Drop-Out Prediction in Higher Education Using Imbalanced Multiclass Dataset

Main Article Content

Juan Antonio Contreras Montes
María Claudia Bonfante Rodríguez
María Andrea Chamorro


Introduction: High quality education has the potential to drive social change, promote equity and alleviate poverty. The prosperity of nations is closely linked to the calibre of their education systems. However, student attrition at the university level poses a major obstacle to mitigating social disparities. While many factors contribute to this phenomenon, leveraging machine learning and data analytics to identify influencing variables and predict potential student dropout is an effective approach to address this problem.

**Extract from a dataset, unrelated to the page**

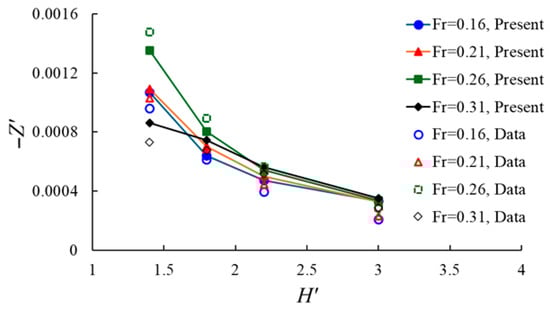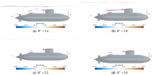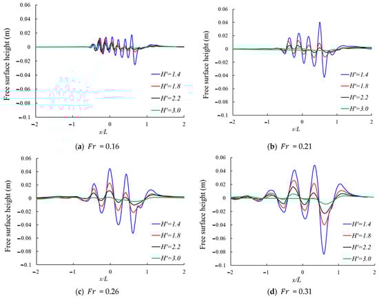Figure 10 illustrates the variation in the free surface at the = 0 plane for different depths and Froude numbers. Similarly to the wave contours presented in Figure 9, the free-surface elevation increases as H’ decreases, with a particularly significant rise observed at = 0.31. At this depth, the free surface undergoes considerable fluctuations, leading to pronounced nonlinear effects. Furthermore, as the Froude number increases, the variations in free-surface elevation become more pronounced.
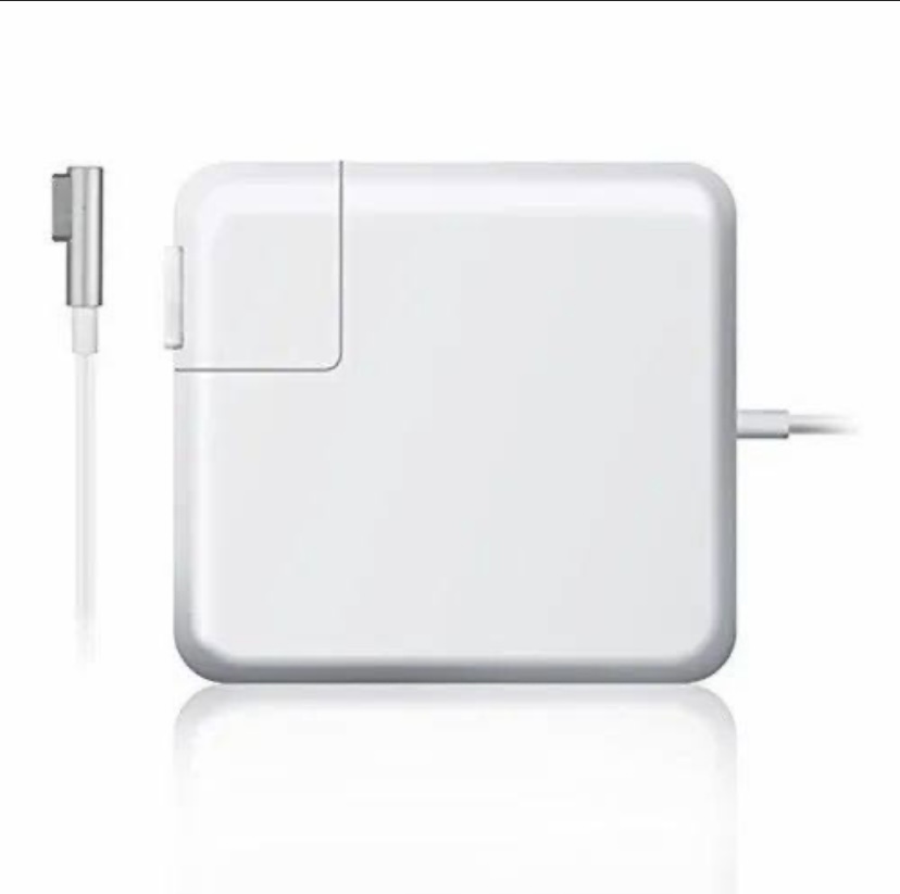 This adapter uses a magnetic DC connector that detaches if tripped over, preventing damage. It has an LED indicator light that shows charging status, amber when charging and green when fully charged.

Objectives: To analyses risk-factors for attrition (drop out) of students at Higher Education Institutions and machine learning algorithms for early detection of such students that could benefit all the stakeholders.

Methods: The study used an unbalanced dataset from a higher education institution to build a classification model to predict academic dropout. The dataset was balanced using oversampling technique and tested using three machine learning algorithms: Random Forest (RF), Support Vector Machines (SVM) and Multinomial Logistic Regression (LR).

Results: The best result was achieved with RF model, with high values of recall, specificity, F1 and balanced accuracy for each of classes: Dropout, Enrolled and Graduate.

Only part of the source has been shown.